Rationale: Since the approval of elexacaftor/tezacaftor/ivacaftor (ETI), data suggest that there have been changes in the management of pulmonary exacerbations (PEx) of cystic fibrosis. Objectives: Given the subjective nature of PEx diagnosis and management, we sought to characterize provider PEx management practices in people with cystic fibrosis (pwCF) prescribed highly effective modulator therapy (HEMT) and to identify practice changes that may impact clinical outcomes. Methods: We conducted semistructured qualitative interviews among clinicians in the United States from late 2021 to 2022 to investigate changes in the management of PEx in pwCF prescribed ETI. Inductive coding of transcripts was used in a thematic analysis. Results: We conducted 19 qualitative interviews with providers at 15 cystic fibrosis centers. Thematic analysis identified five themes regarding the presentation, diagnosis, and management of PEx in pwCF prescribed ETI. 1) PEx have changed in the era of HEMT to become a more subtle pathology that may result in providers questioning PEx diagnosis. 2) Providers feel less anxious about clinical outcomes after PEx. 3) Providers are expanding their assessment of PEx in the era of HEMT to identify more subtle PEx phenotypes. 4) pwCF are driving their care during PEx more than in the pre-HEMT era, with interviewees reporting that some "patients don't really contact us [with mild PEx symptoms].… We hear about it in retrospect." Interviewees expressed concern that this may result in more severe PEx. 5) Provider management is less aggressive in the post-HEMT era, reflecting reduced PEx severity. Participants emphasized that their approach to PEx in general is unchanged and that "[providers] treat depending on severity … and the background of the patient." Interviewees reported they increasingly recommend maintenance therapies for PEx treatment before prescribing antibiotics.

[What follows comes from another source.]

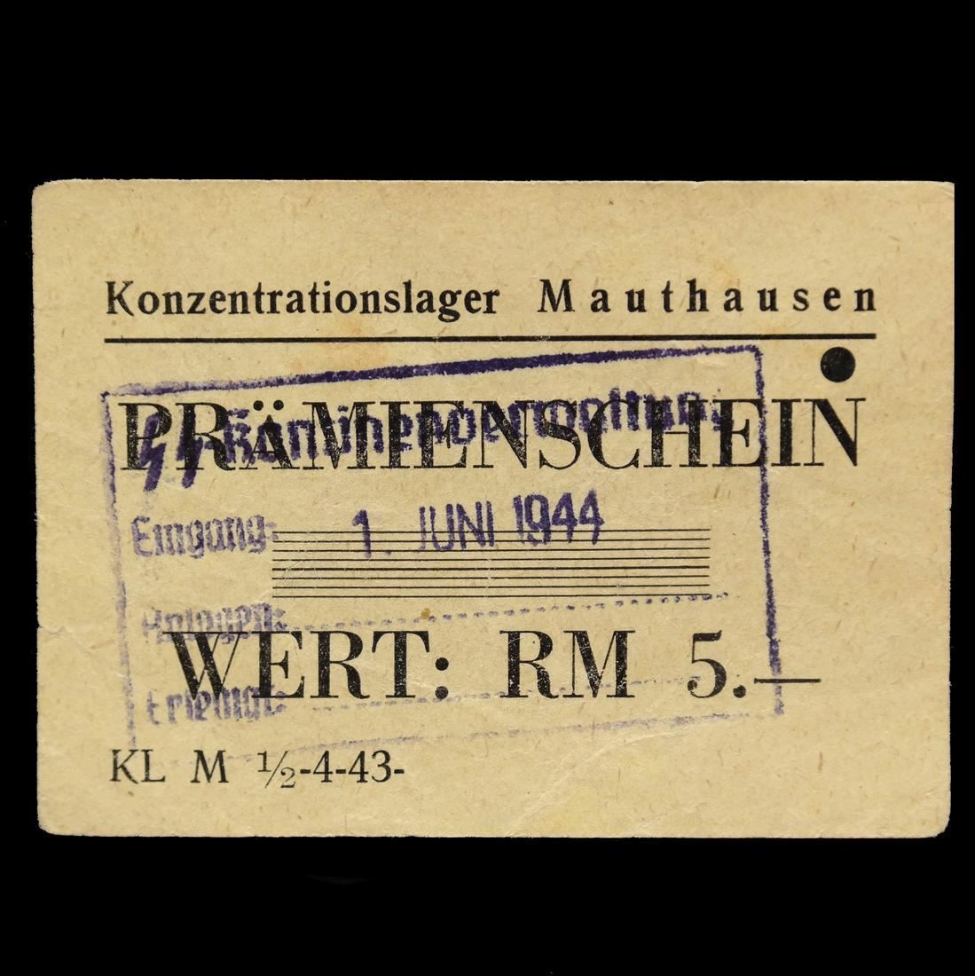 Konzentrationslager Mauthausen / Prmienschein / Wert: RM 5.- on yellow paper, violet SS-Kantinenverwaltung handstamp dated 1 Juni 1944, measures approx 75 by 54mm, light wrinkles, small edge tear and one minuscule pinhole, F-VF.

Conclusions: Participants report that PEx in pwCF prescribed ETI appear milder, resulting in less anxiety about outcomes and a more conservative approach to management. Providers express uncertainty regarding the diagnosis of PEx, given its evolving presentation and reduced in-person evaluation. Further research is necessary to identify sensitive markers of PEx and to assess the impact of conservative management on clinical outcomes.

在高效调节剂治疗时代囊性纤维化肺加重的提供者实践。
理由:自elexaftor /tezacaftor/ivacaftor (ETI)获批以来,数据表明囊性纤维化(CF)肺恶化(PEx)的管理发生了变化。目的:考虑到PEx诊断和管理的主观性,我们试图描述CF (pwCF)患者的提供者PEx管理实践的特征,并规定高效调节疗法(HEMT),并确定可能影响临床结果的实践变化。方法:我们于2021年底至2022年对美国临床医生进行了半结构化定性访谈,以调查pwCF处方ETI中PEx管理的变化。利用转录本的归纳编码进行专题分析。结果:我们对15个CF中心的提供者进行了19次定性访谈。主题分析确定了关于pwCF规定ETI中PEx的表现、诊断和管理的五个主题:(1)在HEMT时代,PEx已经改变为一种更微妙的病理,可能导致提供者质疑PEx的诊断;(2)提供者对PEx术后临床结果的焦虑程度有所降低;(3)在HEMT时代,提供者正在扩大对PEx的评估,以识别更微妙的PEx表型;(4)与hemt前相比,pwCF在PEx期间更重视他们的护理,受访者报告说,一些“患者(有轻微的PEx症状)并没有真正联系我们……我们是在回忆中听说的。”受访者表示担心这可能导致更严重的PEx;(5)在后hemt时代,供应商的管理不那么激进,反映了PEx严重程度的降低。参与者强调,他们对PEx的治疗方法总体上是不变的,“(提供者)根据严重程度和患者背景进行治疗。”受访者报告说,他们越来越多地建议在开抗生素处方之前对PEx进行维持治疗。结论:参与者报告说,pwCF规定的ETI中的PEx表现较轻,导致对结果的焦虑较少,并且采用更保守的管理方法。鉴于其不断发展的表现和减少的亲自评估,提供者对PEx的诊断表示不确定。需要进一步的研究来确定PEx的敏感标记物,并评估保守治疗对临床结果的影响。
本文章由计算机程序翻译,如有差异,请以英文原文为准。